Start of EXERCISE DATA
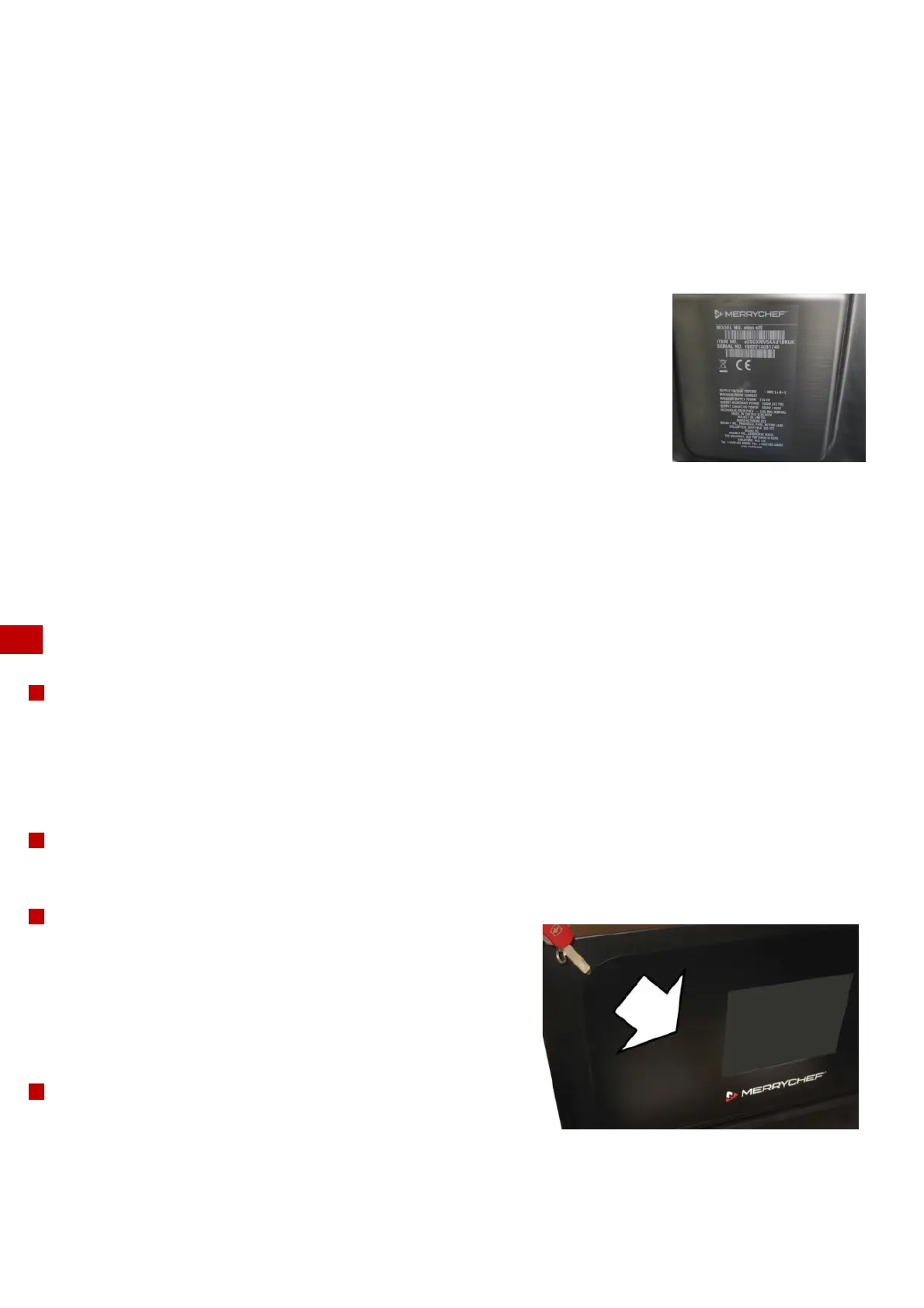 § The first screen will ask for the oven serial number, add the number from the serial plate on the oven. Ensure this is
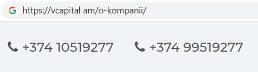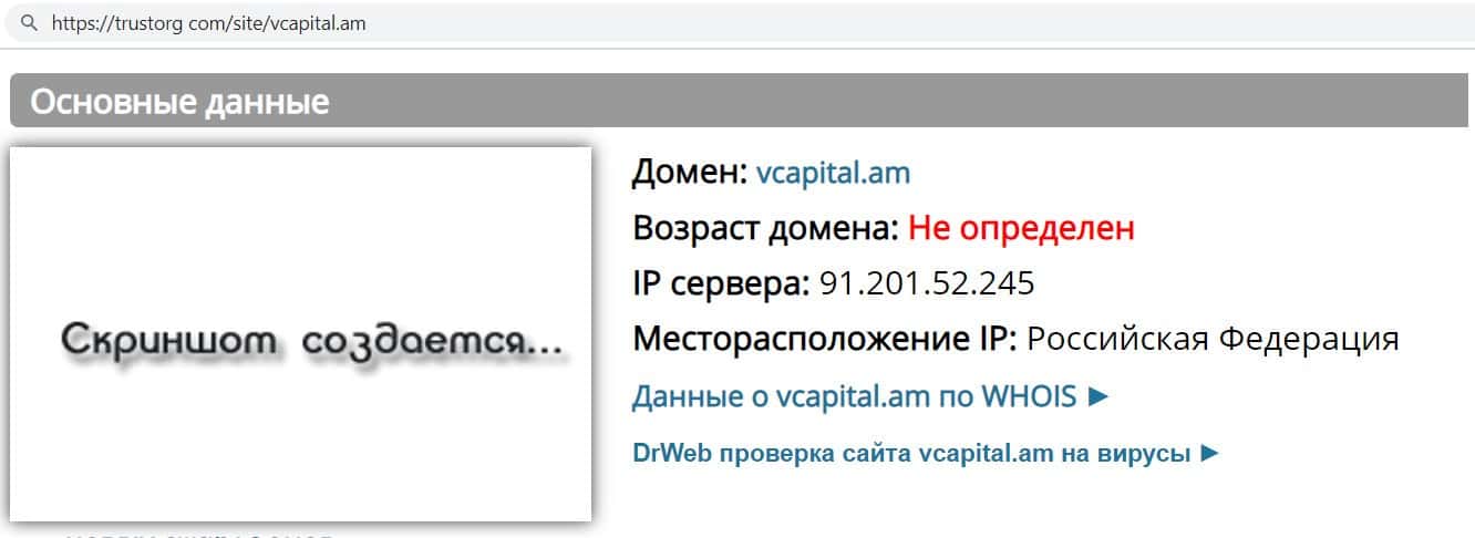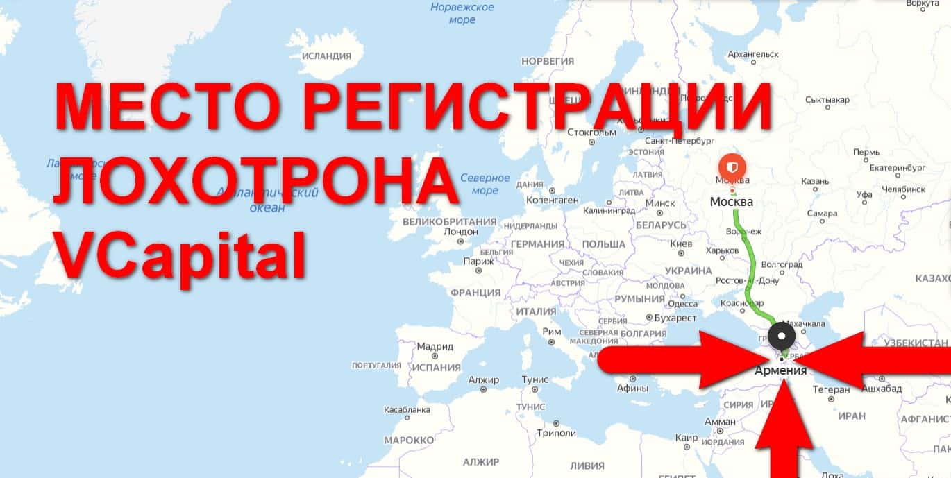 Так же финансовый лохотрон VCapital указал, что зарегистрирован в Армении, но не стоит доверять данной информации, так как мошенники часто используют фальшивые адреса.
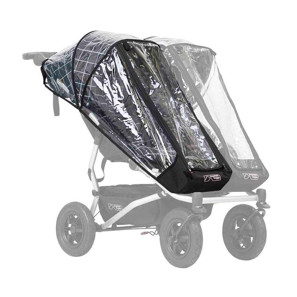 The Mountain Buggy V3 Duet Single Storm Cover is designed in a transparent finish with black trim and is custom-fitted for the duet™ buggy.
End of EXERCISE DATA
#### WORK INSTRUCTIONS:
Write out the whole listing exactly. Do not include the pictures.

#### TASK RESPONSE:
 § The first screen will ask for the oven serial number, add the number from the serial plate on the oven. Ensure this is
 Так же финансовый лохотрон VCapital указал, что зарегистрирован в Армении, но не стоит доверять данной информации, так как мошенники часто используют фальшивые адреса.
 The Mountain Buggy V3 Duet Single Storm Cover is designed in a transparent finish with black trim and is custom-fitted for the duet™ buggy.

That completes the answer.